- Parent company: Atco Records
- Founded: 1979
- Defunct: ca. 1983
- Status: Inactive
- Genre: Rock, soundtrack
- Country of origin: United States
- Location: Beverly Hills, California

= Regency Records (United States) =

Regency Records was an American record label. It was founded in 1979 by manager Lloyd Segal. The label released albums by the Dixie Dregs and Diesel.

==History==
Lloyd Segal, a former attorney then working as a music manager, founded Regency Records in August 1979. At the time of the label's foundation, Flying Fish Records was announced as its distributor. The label's first release was a live album by the Flying Burrito Brothers titled Live from Tokyo. Dixie Dregs were also signed to the label at its time of foundation. In addition to Flying Fish Records, Regency also partnered with a number of independent distributors throughout the United States.

Segal stated that he chose to found a new label due to his frustrations in dealing with other labels in his capacity as a manager. After the Flying Burrito Brothers album and Steve Gillette's A Little Warmth, Segal expressed frustration with the independent distributors with whom he was working.
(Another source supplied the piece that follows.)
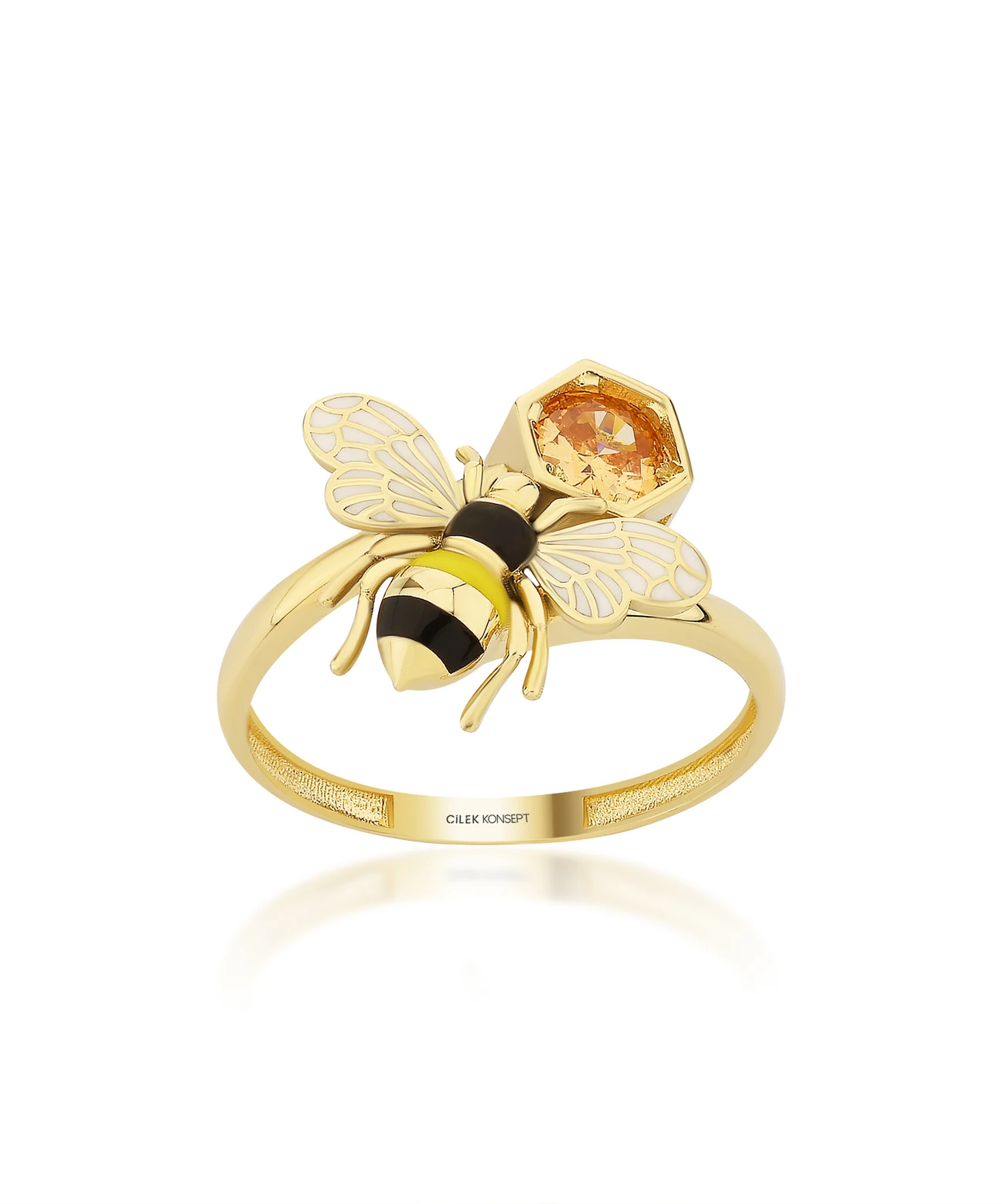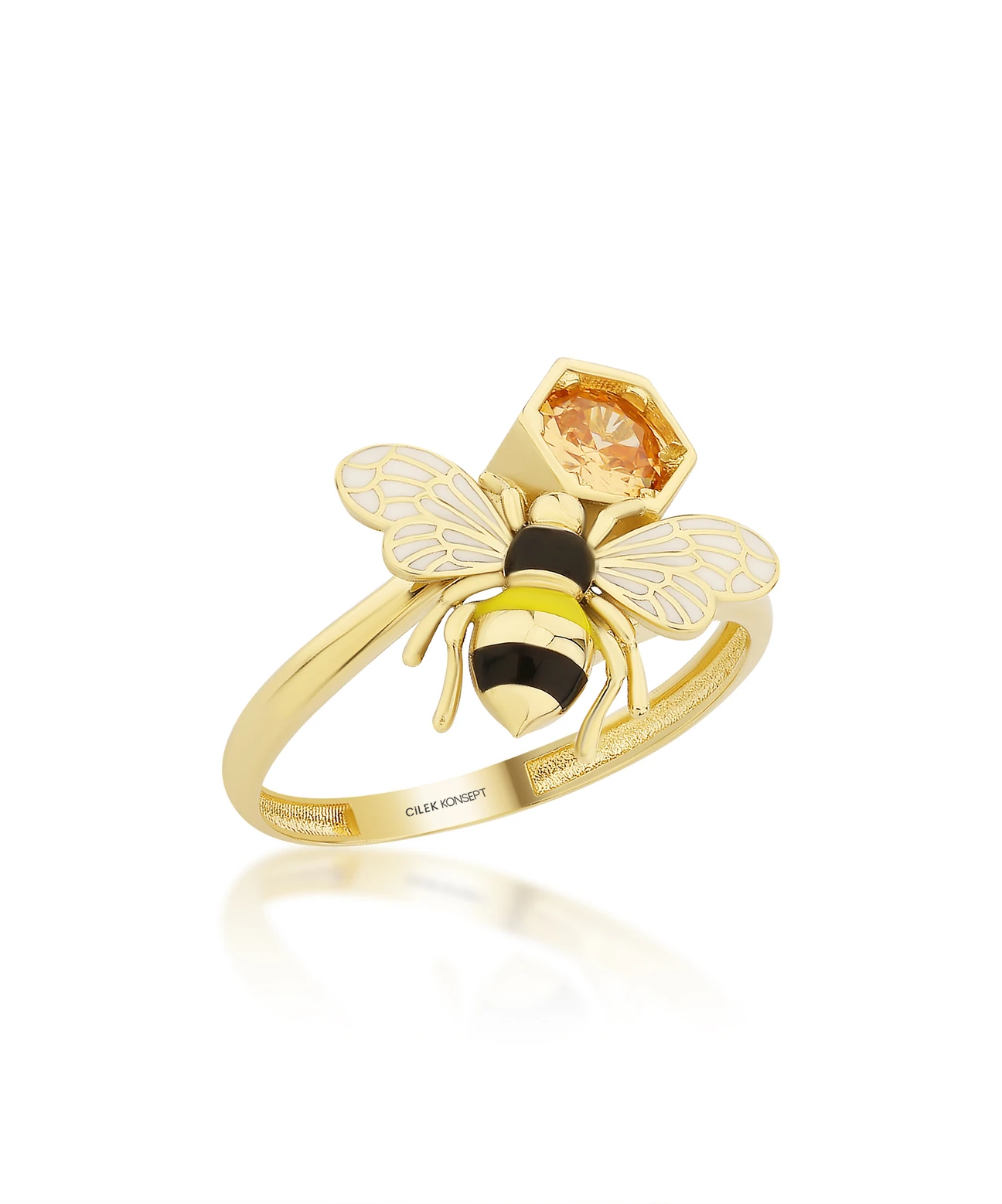 Bee Mine Altın Arı Renkli Taşlı Yüzük

As a result, he chose to partner the Regency label with MCA Records for distribution. This partnership led to Regency issuing the soundtrack for the 1980 film Airplane! The partnership also released the album Watts in a Tank by Dutch rock band Diesel, and Midnight Radio by James Lee Stanley. Segal ended the label's partnership with MCA in 1980, citing "infighting" with MCA staff as the reason. In 1981, Regency partnered with Atco Records, which also took over promotion and distribution of the Diesel album. Billboard later stated that the transition from MCA to Atco improved sales of Watts in a Tank and its corresponding singles. Regency Records remained active through 1983, releasing a number of independent movies, including Valley Girl.